Dataset entries
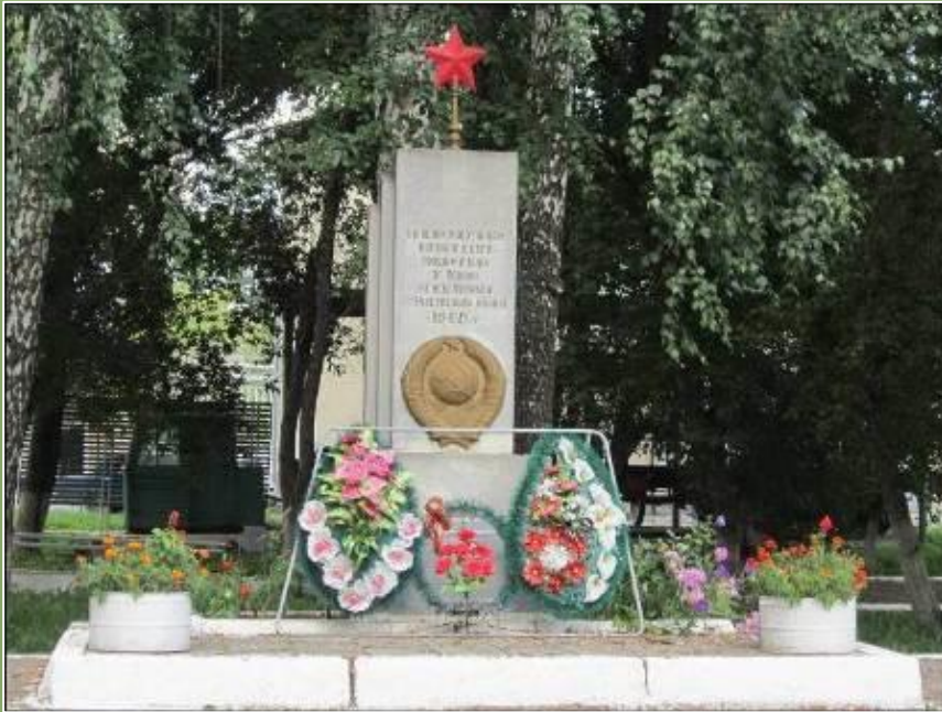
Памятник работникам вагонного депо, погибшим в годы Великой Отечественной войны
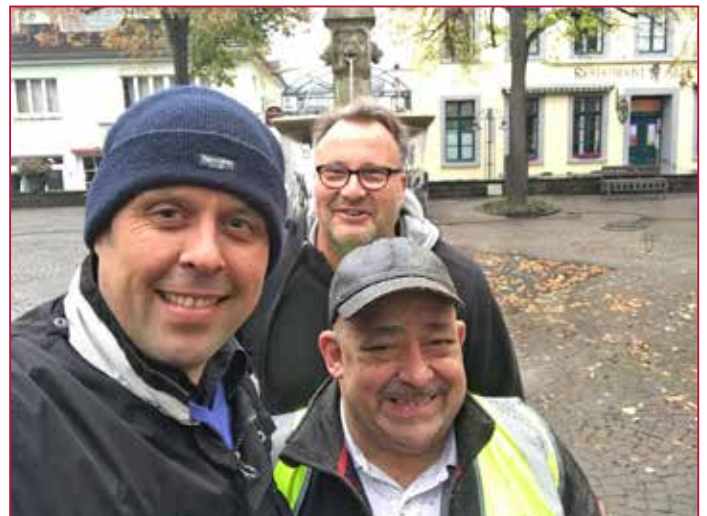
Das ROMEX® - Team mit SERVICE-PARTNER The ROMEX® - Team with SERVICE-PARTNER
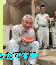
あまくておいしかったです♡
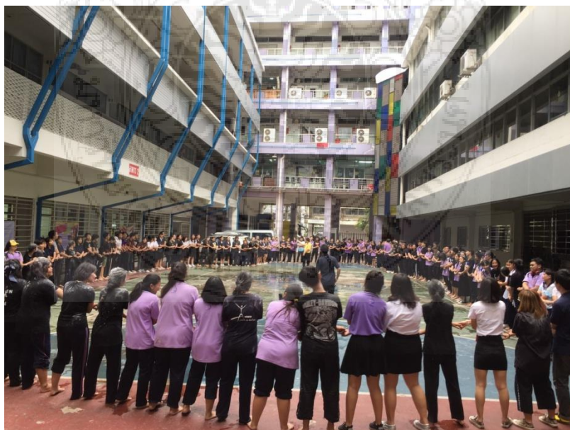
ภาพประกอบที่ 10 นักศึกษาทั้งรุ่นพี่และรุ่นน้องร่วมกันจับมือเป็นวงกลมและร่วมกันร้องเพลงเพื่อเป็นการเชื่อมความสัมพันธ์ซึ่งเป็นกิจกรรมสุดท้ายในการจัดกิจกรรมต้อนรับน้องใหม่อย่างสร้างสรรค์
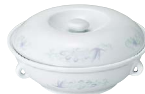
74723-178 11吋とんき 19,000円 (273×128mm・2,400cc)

# EXERCISE BRIEF
Could you write out every line above exactly as it stands, with no images?

# RESPONSE
Памятник работникам вагонного депо, погибшим в годы Великой Отечественной войны
Das ROMEX® - Team mit SERVICE-PARTNER The ROMEX® - Team with SERVICE-PARTNER
あまくておいしかったです♡
ภาพประกอบที่ 10 นักศึกษาทั้งรุ่นพี่และรุ่นน้องร่วมกันจับมือเป็นวงกลมและร่วมกันร้องเพลงเพื่อเป็นการเชื่อมความสัมพันธ์ซึ่งเป็นกิจกรรมสุดท้ายในการจัดกิจกรรมต้อนรับน้องใหม่อย่างสร้างสรรค์
74723-178 11吋とんき 19,000円 (273×128mm・2,400cc)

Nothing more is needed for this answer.